Au risque de vous surprendre, j’aime beaucoup effectuer mes recherches pour cette chronique avant même le jour de la course et Assen ne faisait pas exception. Francesco Bagnaia (Ducati Lenovo Team) est finalement venu me sauver en signant une véritable masterclass. Pas étonnant que ce tracé de cette Cathédrale soit tatoué sur son bras droit. Il a mené les 73 derniers tours de course, a inscrit sa sixième victoire en terres néerlandaises, sa troisième consécutive. Le dernier à y être parvenu ici-même n’était autre que Mick Dohhan, vainqueur des éditions 1994, 1995, 1996, 1997 et 1998.
Tout semblait d’une facilité déconcertante… Il y a 50 ans, le Che-Guevara des Grands Prix faisait ses débuts à Assen. Kenny Roberts débarquait en effet en Europe et dès lors, sa vie ne serait plus jamais la même. Avec son jeune compatriote Joe Roberts (Only Fans American Racing Team), victorieux au Mugello et actuellement deuxième du mondial Moto2™, l’occasion était parfaite pour faire le lien entre passé et futur. Le moment est venu de repropulser les Américains sur le devant de la scène et avec un nom pareil, comment serait-il possible d’échouer ?
Ce week-end-là, Kenny Roberts s’octroyait la pole, chutait en course ; ce qui ne l’empêchait pas de grimper sur la troisième marche du podium.

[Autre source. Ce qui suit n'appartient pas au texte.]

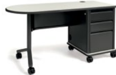
SMARTLINK TEACHER STATION
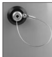
L90 – Highfield Lock with Steel Tether & Hex Self-Locking System
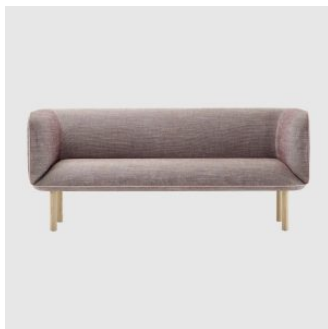
Wes LOUNGE SWISS DESIGN

Le reste appartient à l’histoire : il était tellement passionné par la compétition. Il a ouvert la voie aussi bien en dehors que sur la piste, avec un style bien à lui, tout en glisse, inspiré du dirt-track. Du jamais vu chez nous ! Et au grand dam d’habitués comme Barry Sheene, Kenny Roberts remportera trois titres consécutifs en 500cc pour le compte de Yamaha… En réalité, tout ne faisait que commencer. Parallèlement, il n’avait pas hésité à monter au créneau vis-à-vis des organisateurs et promoteurs sur les questions de sécurité. Avec le journaliste Barry Coleman, ils iront jusqu’à menacer, avec le soutien d’autres pilotes, de créer une World Series indépendante en 1980, qui ne verra au bout du compte jamais le jour. Mais son engagement aura largement permis d’améliorer les conditions en piste.

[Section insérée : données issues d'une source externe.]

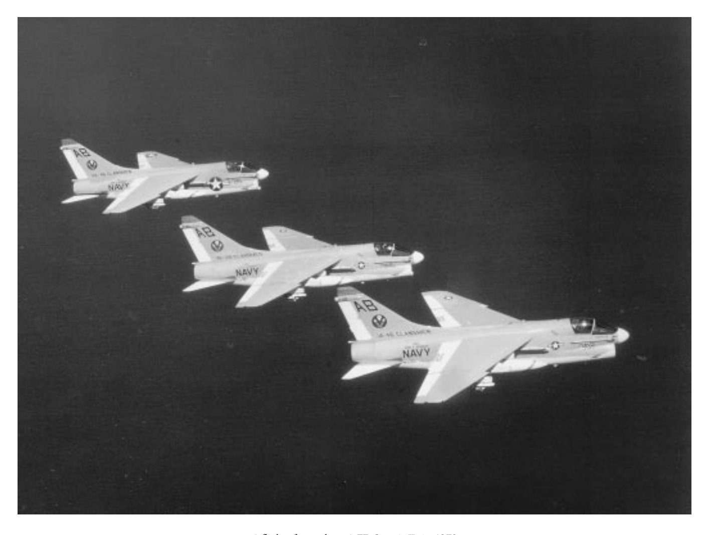
A flight of squadron A-7E Corsair IIs in 1979.
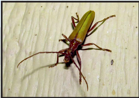
Staghorn Beetle species

First stop was at the county line at Cooper’s Rock’s offices. I’d had ideas on how I was going to collect my data, so this was an easy place to start. Birds started accumulating on my bird list, the plants I knew got IDed, and the ones I didn’t know (read: most of them) were photographed with a DSLR camera with a macro lens that is used, but new to me.

Kenny allait ainsi en inspirer plein d’autres à traverser l’Atlantique : de Freddie Spencer, à Eddie Lawson, en passant par Wayne Rainey, Kevin Schwantz ou encore son propre fils Kenny Roberts Jr… Il faut dire qu’ils adoraient ces 500cc deu temps. C’était l’âge d’or de l’Amérique. Mais peu à peu ces derniers allaient disparaître des radars. Nicky Hayden sera le dernier Champion issu de ce pays en 2006, Ben Spies le dernier vainqueur dans la cour des grands en 2011. Incroyablement, plus aucun Américain ne figurera sur une des trois grilles durant un certain temps. Mais l’espoir aura fini par renaître avec Joe Roberts. Ses trois podiums et cette victoire obtenue au Mugello lui permettent d’occuper le deuxième rang du classement provisoire. Et une opportunité pourrait bientôt se présenter pour lui en MotoGP™. Sauf que le Californien s’est cassé la clavicule vendredi au cours de la deuixième séance. Le n°16 espère cela dit vivement revenir dès le Sachsenring.
Il m’a fallu donc me rabattre sur un autre sujet. Et en voyant la suprématie de Francesco Bagnaia en Tissot Sprint, j’ai eu un déclic.
L’après-midi même, l’Italie affrontait la Suisse en huitièmes de finale à l’Euro. Justement au Mugello, le Ducati Lenovo Team avait étrenné une livrée spéciale en soutien à ses Azzurri. Mais quand on voit la défense du titre par l’équipe de football et par le clan de Pecco… Deux heures plus tard, les Champions du Monde rentraient bredouille avec une défaite 2-0 face aux helvètes.
Alors oui Pecco, ton génie t’a sauvé la mise ce dimanche. Pour le Sachsenring, j’ai bien quelques idées, mais je préfère les garder pour moi.